# Maxwell Stress Tensor in the absence of a magnetic field

• pafcu
In summary, the conversation discusses the derivation of the stress tensor in the case of a static electric field without a magnetic field. The stress tensor is derived using Maxwell's laws and assuming a flat surface with a perpendicular electric field. The final result is given as Eq. (5) and some textbooks argue that terms from the initial Lorentz force term can be removed without affecting the final result. However, the process of removing these terms is not clear and the conversation suggests using dyadics to clarify the derivation.
pafcu
I'm having some trouble calculating the stress tensor in the case of a static electric field without a magnetic field. Following the derivation on Wikipedia,

$$\mathbf{F} = q(\mathbf{E} + \mathbf{v}\times\mathbf{B})$$

2. Get force density
$$\mathbf{f} = \rho\mathbf{E} + \mathbf{J}\times\mathbf{B}$$

3. Substitute using Maxwell's laws
$$\mathbf{f} = \epsilon_0 \left(\boldsymbol{\nabla}\cdot \mathbf{E} \right)\mathbf{E} + \frac{1}{\mu_0} \left(\boldsymbol{\nabla}\times \mathbf{B} \right) \times \mathbf{B} - \epsilon_0 \frac{\partial \mathbf{E}}{\partial t} \times \mathbf{B}$$

4. Replace some curls and combine
$$\mathbf{f} = \epsilon_0\left[ (\boldsymbol{\nabla}\cdot \mathbf{E} )\mathbf{E} + (\mathbf{E}\cdot\boldsymbol{\nabla}) \mathbf{E} \right] + \frac{1}{\mu_0} \left[(\boldsymbol{\nabla}\cdot \mathbf{B} )\mathbf{B} + (\mathbf{B}\cdot\boldsymbol{\nabla}) \mathbf{B} \right] - \frac{1}{2} \boldsymbol{\nabla}\left(\epsilon_0 E^2 + \frac{1}{\mu_0} B^2 \right) - \epsilon_0\frac{\partial}{\partial t}\left( \mathbf{E}\times \mathbf{B}\right)$$

5. Get the tensor
$$\sigma_{i j} = \epsilon_0 \left(E_i E_j - \frac{1}{2} \delta_{ij} E^2\right) + \frac{1}{\mu_0} \left(B_i B_j - \frac{1}{2} \delta_{ij} B^2\right)$$

6. Assuming B=0:
$$\sigma_{i j} = \epsilon_0 \left(E_i E_j - \frac{1}{2} \delta_{ij} E^2\right)$$

7. Assume flat surface with perpendicular field (z-direction)
$$\sigma_{z z} = \epsilon_0 \left(E^2 - \frac{1}{2} E^2\right)=\frac{\epsilon_0}{2} E^2$$

This is the formula given in e.g. The Feynman Lectures in Physics Vol. 2 (Page 31-14), and some other textbooks.
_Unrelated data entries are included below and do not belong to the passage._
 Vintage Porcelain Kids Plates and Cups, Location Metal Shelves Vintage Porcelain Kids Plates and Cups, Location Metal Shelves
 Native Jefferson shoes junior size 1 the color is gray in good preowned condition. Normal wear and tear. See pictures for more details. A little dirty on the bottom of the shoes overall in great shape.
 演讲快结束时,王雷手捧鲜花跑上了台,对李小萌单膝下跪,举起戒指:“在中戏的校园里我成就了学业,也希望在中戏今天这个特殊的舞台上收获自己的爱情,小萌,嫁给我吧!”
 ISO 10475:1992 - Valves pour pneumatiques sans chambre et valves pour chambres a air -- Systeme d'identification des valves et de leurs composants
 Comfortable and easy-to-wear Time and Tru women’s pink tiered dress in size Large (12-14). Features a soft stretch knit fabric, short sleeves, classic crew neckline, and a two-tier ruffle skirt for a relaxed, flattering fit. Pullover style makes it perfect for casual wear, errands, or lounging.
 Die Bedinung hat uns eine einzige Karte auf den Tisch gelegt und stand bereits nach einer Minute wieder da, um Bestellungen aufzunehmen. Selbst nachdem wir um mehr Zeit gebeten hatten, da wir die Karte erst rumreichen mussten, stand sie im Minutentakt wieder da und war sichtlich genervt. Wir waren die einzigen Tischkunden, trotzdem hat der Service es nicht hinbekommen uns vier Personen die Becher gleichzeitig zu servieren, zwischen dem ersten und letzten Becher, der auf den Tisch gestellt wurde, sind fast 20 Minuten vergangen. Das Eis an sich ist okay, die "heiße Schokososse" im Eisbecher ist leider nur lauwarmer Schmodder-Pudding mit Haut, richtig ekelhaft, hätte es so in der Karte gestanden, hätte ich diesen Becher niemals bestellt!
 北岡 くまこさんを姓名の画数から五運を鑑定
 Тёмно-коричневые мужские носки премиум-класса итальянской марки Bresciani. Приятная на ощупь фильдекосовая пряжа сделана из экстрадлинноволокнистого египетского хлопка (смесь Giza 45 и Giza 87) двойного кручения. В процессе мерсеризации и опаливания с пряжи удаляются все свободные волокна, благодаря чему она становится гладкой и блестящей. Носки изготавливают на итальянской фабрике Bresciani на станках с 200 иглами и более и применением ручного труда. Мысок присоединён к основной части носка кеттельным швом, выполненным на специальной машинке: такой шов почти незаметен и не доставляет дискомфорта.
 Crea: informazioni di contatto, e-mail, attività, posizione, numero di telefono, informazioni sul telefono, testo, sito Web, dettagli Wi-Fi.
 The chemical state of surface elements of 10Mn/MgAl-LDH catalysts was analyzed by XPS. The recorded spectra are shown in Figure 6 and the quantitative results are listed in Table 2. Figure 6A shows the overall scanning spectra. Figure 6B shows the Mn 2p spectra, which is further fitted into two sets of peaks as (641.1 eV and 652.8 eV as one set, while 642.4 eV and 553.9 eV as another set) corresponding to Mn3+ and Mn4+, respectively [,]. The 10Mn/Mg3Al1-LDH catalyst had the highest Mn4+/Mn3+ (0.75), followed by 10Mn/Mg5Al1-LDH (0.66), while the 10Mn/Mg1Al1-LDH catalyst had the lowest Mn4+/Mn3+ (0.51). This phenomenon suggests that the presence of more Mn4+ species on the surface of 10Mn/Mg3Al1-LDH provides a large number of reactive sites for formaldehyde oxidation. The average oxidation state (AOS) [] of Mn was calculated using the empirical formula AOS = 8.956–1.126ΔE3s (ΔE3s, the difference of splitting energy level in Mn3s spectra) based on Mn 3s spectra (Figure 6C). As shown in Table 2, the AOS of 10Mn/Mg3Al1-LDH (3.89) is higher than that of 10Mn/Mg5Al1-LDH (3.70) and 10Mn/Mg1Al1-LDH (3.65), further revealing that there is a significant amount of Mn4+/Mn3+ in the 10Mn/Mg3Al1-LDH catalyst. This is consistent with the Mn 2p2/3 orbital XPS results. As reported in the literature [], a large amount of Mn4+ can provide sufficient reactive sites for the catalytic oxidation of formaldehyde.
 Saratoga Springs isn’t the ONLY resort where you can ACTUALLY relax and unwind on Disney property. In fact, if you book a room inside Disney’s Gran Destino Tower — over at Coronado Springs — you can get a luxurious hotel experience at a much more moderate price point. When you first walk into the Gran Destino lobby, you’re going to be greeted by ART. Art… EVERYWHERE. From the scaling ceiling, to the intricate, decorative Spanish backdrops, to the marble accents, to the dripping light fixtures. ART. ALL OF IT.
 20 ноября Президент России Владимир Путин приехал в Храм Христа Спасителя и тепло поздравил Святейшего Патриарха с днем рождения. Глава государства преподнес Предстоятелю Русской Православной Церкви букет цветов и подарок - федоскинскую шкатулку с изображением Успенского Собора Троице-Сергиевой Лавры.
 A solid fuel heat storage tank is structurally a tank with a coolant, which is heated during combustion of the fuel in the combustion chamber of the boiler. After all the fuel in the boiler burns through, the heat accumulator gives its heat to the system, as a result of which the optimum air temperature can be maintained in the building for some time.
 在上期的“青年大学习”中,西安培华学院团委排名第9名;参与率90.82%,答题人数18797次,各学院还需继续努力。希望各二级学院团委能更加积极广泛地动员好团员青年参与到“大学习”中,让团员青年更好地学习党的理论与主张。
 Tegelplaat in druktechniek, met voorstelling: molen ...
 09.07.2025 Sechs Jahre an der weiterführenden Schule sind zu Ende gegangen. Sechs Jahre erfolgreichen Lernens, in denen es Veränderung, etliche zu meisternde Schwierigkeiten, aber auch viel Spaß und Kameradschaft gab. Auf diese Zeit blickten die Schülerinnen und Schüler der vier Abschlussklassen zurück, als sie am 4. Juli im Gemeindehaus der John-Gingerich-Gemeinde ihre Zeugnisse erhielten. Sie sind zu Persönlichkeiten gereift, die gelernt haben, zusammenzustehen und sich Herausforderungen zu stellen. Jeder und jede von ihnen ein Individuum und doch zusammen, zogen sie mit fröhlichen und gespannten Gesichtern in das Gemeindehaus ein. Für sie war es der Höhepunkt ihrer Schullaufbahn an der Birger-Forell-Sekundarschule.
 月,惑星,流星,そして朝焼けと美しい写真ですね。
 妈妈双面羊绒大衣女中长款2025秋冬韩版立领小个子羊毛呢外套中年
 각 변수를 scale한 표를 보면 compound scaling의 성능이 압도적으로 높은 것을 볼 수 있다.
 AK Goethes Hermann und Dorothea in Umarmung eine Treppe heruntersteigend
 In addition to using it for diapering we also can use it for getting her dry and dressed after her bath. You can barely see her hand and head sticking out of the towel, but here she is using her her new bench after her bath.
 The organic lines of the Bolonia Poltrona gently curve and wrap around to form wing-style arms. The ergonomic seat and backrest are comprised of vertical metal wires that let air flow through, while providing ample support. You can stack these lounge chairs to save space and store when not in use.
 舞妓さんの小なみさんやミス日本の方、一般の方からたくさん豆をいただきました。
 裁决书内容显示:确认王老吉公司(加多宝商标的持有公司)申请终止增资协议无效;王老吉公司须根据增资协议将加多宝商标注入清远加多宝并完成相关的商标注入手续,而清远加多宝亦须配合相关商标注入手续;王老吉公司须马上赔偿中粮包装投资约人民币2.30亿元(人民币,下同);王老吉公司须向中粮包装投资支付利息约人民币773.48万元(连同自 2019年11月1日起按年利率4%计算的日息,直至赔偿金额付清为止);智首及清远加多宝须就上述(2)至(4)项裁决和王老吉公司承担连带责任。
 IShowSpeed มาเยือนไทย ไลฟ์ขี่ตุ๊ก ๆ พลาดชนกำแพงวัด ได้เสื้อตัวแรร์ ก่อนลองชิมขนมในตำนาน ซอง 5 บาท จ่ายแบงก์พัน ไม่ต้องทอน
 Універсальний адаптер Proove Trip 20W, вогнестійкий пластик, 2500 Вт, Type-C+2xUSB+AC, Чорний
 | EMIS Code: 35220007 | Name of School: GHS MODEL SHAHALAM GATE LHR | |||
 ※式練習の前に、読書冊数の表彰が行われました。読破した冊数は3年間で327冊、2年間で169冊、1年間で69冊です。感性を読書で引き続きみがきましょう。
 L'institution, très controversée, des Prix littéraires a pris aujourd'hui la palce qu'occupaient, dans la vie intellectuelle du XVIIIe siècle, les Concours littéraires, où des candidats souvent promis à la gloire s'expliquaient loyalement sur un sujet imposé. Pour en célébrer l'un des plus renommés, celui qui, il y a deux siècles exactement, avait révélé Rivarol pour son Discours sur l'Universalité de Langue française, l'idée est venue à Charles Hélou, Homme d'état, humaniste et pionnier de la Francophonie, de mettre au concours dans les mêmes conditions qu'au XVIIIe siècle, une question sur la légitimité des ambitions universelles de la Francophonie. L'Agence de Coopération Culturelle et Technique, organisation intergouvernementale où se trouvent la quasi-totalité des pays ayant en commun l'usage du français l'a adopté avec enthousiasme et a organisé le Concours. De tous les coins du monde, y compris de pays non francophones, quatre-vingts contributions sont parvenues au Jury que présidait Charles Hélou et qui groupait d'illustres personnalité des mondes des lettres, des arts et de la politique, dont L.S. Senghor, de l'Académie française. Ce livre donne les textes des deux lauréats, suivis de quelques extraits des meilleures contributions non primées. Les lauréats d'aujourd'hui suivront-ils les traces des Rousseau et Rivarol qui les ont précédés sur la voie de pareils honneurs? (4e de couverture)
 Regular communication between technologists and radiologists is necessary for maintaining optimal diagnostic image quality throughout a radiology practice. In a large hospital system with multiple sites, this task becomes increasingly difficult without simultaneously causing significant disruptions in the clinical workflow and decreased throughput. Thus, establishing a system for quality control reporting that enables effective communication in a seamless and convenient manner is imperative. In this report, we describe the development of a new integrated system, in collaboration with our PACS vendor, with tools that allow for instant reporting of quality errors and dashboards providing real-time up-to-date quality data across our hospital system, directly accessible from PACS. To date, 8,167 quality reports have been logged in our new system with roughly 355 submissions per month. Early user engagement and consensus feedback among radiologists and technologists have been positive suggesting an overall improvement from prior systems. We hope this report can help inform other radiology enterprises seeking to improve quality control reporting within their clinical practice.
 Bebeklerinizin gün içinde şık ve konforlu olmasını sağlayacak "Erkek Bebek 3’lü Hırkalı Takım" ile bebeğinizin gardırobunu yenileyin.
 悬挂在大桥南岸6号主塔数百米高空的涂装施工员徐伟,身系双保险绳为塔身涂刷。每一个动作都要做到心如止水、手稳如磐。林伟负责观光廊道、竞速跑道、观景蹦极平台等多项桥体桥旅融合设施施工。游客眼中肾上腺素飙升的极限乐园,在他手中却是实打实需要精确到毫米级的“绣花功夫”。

However, this derivation seems to assume a magnetic field until the final steps. Since most terms in eq. 4 result from the initial v x B term (even those that depend only on E, $(\mathbf{E}\cdot\boldsymbol{\nabla}) \mathbf{E}$ and $\frac{1}{2} \boldsymbol{\nabla}\epsilon_0 E^2$ ), these should not be present in my case, and in fact eq 4 should be as simple as
$$\mathbf{f} = \epsilon_0\left[ (\boldsymbol{\nabla}\cdot \mathbf{E} )\mathbf{E}\right]$$

Tensor calculus is not my strong point. To me it is not clear how to get from eq 4 to eq 5, and how modifying eq 4 alters the resulting stress tensor. Will it really still be the same as eq 6? To me it seems strange that removing terms would not affect the result, yet this seems to be what many textbooks claim. Or is there some reason why the initial v x B term can not be removed, even when there is no magnetic field?

The first two terms of Eq. (4) should be
$$\mathbf{f} = \epsilon_0\left[ \boldsymbol{\nabla}\cdot( \mathbf{E}\mathbf{E}) + (\mathbf{E}\cdot\boldsymbol{\nabla}) \mathbf{E} \right]$$.
Then use $$(\mathbf{E}\cdot\boldsymbol{\nabla}) \mathbf{E} =(1/2)\nabla({\bf E\cdot E })$$.
Writing these two terms with indices gives Eq. (5).
The other terms don't enter with no B field. dE/dt can't enter because this would imply a B field.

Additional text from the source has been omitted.